Big Brains Vexed by the Tinies: Odorous House Ants

Tiny ants are a reminder of the power of the minuscule to vex us big-bodied, big-brained humans. Squash one on the kitchen counter, and others quickly appear, running in helter skelter patterns. A sense of futility quickly sets in, despite our vastly superior strength. As I write this, an ant crawls along the edge of my computer screen. The same dynamic plays out in the world beyond the kitchen window, as a powerful economy is laid low by a lowly coronavirus. A previous post compared tiny ants to "dust with legs." The closer nature gets to inanimate matter--a virus can barely be considered alive--the more it taps into the undeterrable laws of physics and chemistry.
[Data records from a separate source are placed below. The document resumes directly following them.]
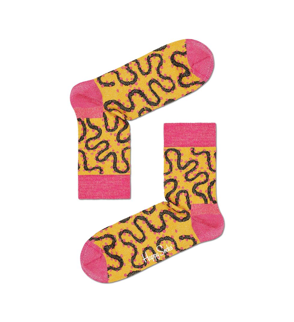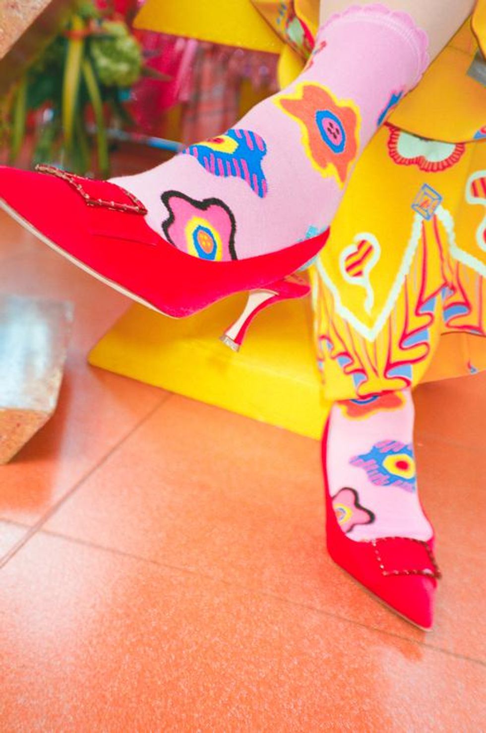 I designed a set of socks that would go into a magical folding box so it would make you feel fabulous when you undo this. We worked out how you can make the little snakes that I originally designed for tattoos that you could stick on your arms in the '60s that could become a sort of blue and yellow print that goes around your legs. Then my classic wiggles that I've been doing for years and putting onto all sorts of things and here they are all glittery with little pink dots and things. That's really fabulous. And then my magical buttons now, which are flowers, held in the center with buttons and then flowery heels and toes.
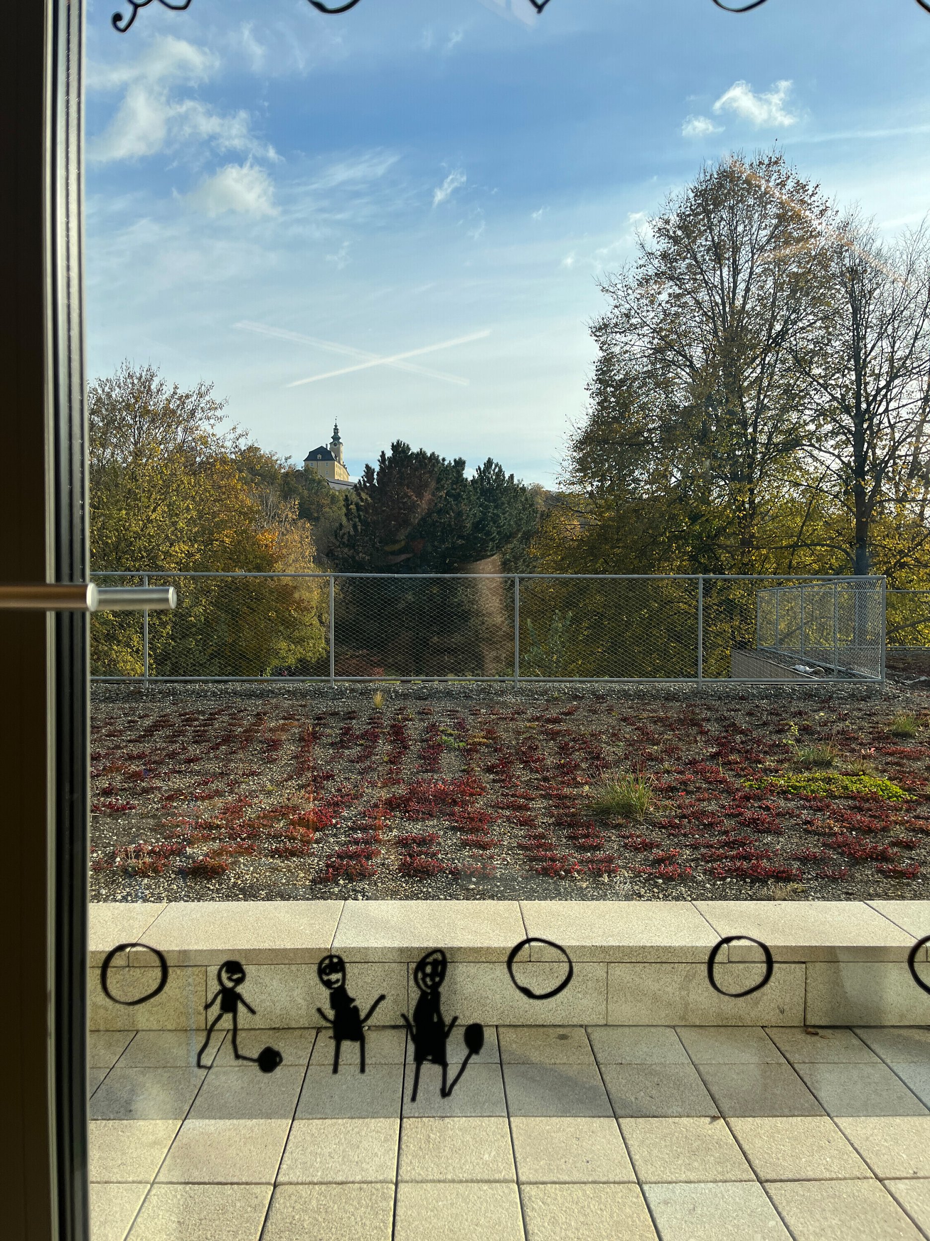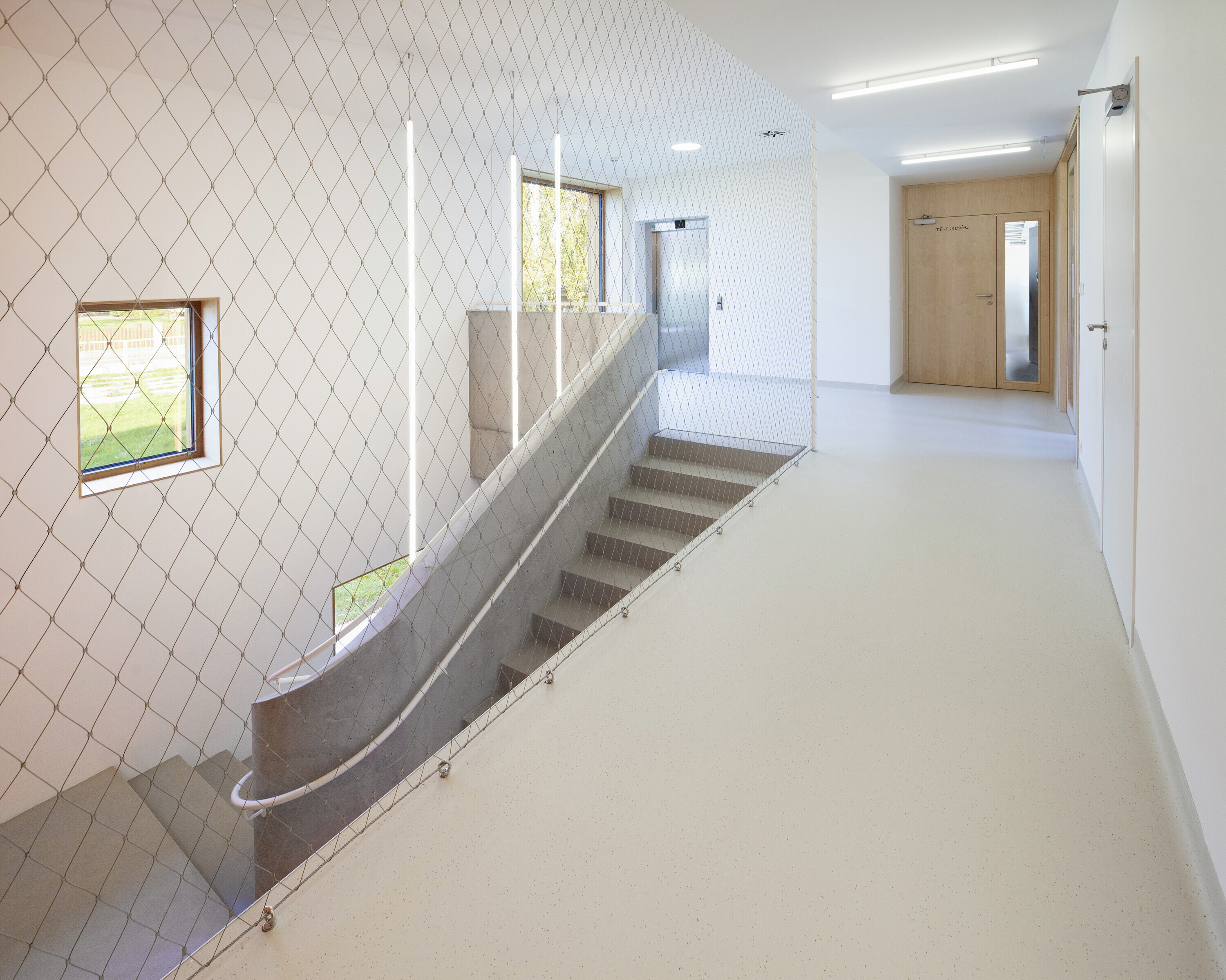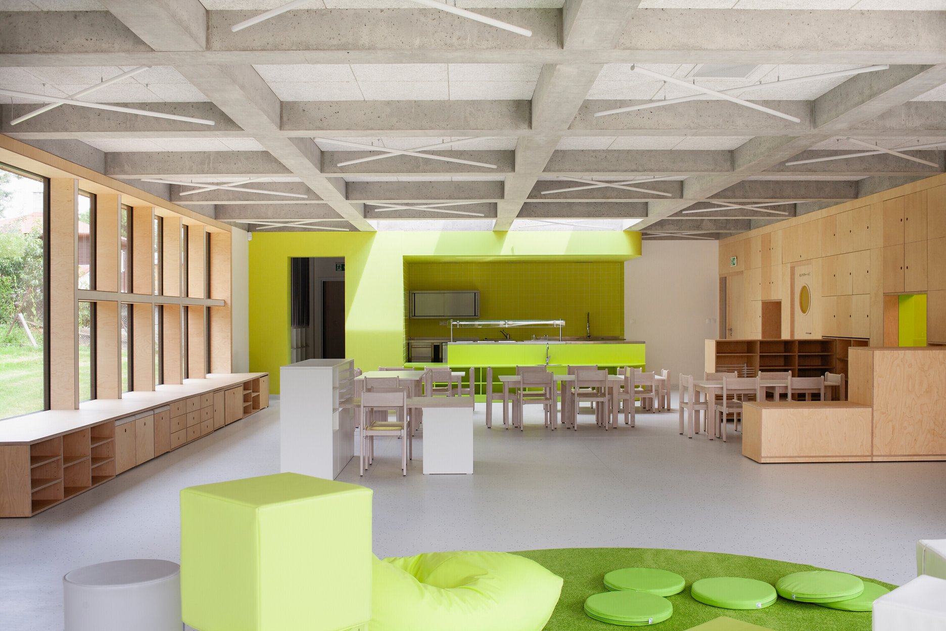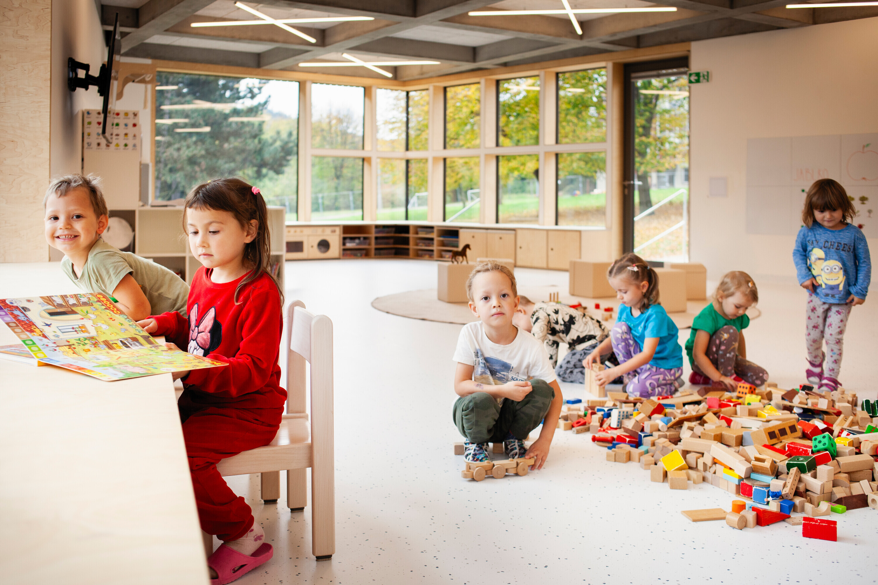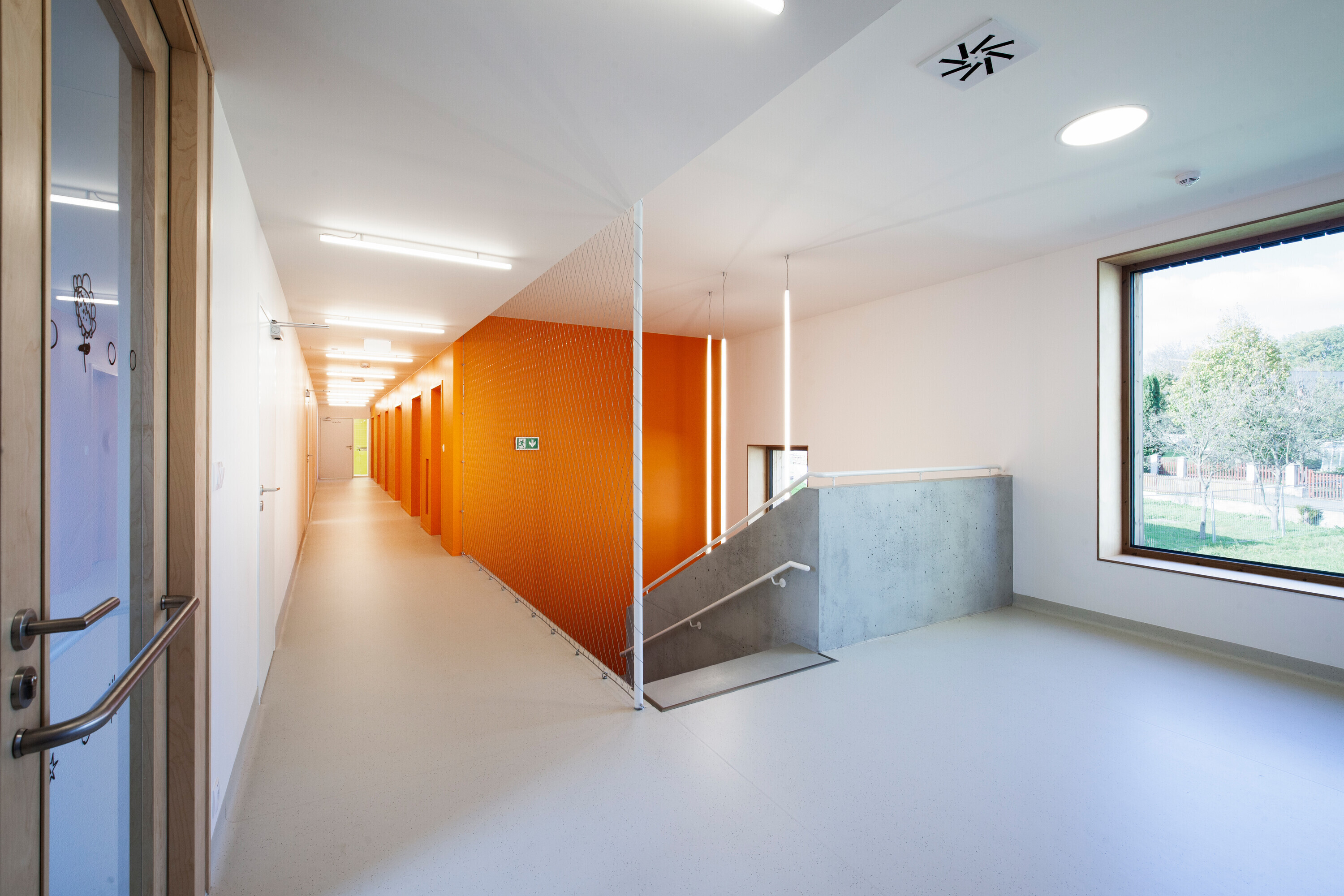 Prevádzka je v pozdĺžnom smere členená na priestor pre deti a obslužné funkcie. Priestory škôlky vzájomne spája chodba a centrálna schodisková hala. Štvorica tried na prízemí je radená do párov so spoločnými átriami – vonkajšími triedami, ktoré zároveň tvoria vstupné predpolie týchto buniek. Cez spoločné zádverie, vizuálne prepojené s triedami, smerujú kroky detí do „svojej“ šatne. Rozmerná miestnosť na poschodí slúži deťom na cvičenie a besiedky. Krásny výhľad na historické centrum a zámok možno umocniť otvorením dverí a vstupom na terasu s extenzívnou zelenou strechou.
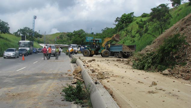 04 de julio 2011.-Para este martes prevén concluir la remoción del deslizamiento de 3.000 metros cúbicos de tierra que se produjo la noche del sábado en la carretera Local 11, en el estado Miranda, que enlaza Charallave y los Valles del Tuy con Caracas.
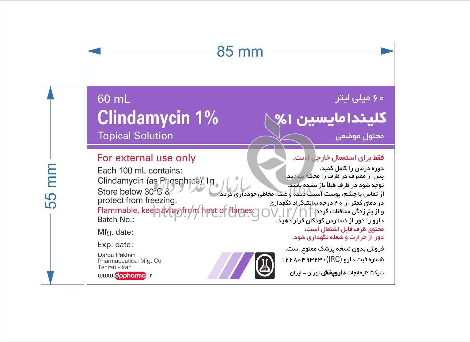 کلیندامایسین محلول موضعی 10 mg/1mL 60MILLILITER

As a kid, I was impressed by big things, but relentlessness increases as size decreases, the most telling example being the carbon dioxide building up in the atmosphere. Unlike our big-brained selves, CO2 doesn't sleep, or get discouraged, or conjure false realities to make itself feel better. It just does what it does, day after day.


On a far less tragic scale, our latest domestic iteration of David and Goliath began, I hear, with a harmless looking orchid plant that had sat forgotten in a corner of the living room for an unknown period of time. Taken to the kitchen sink, it was watered generously and left to drain while the family went for a walk.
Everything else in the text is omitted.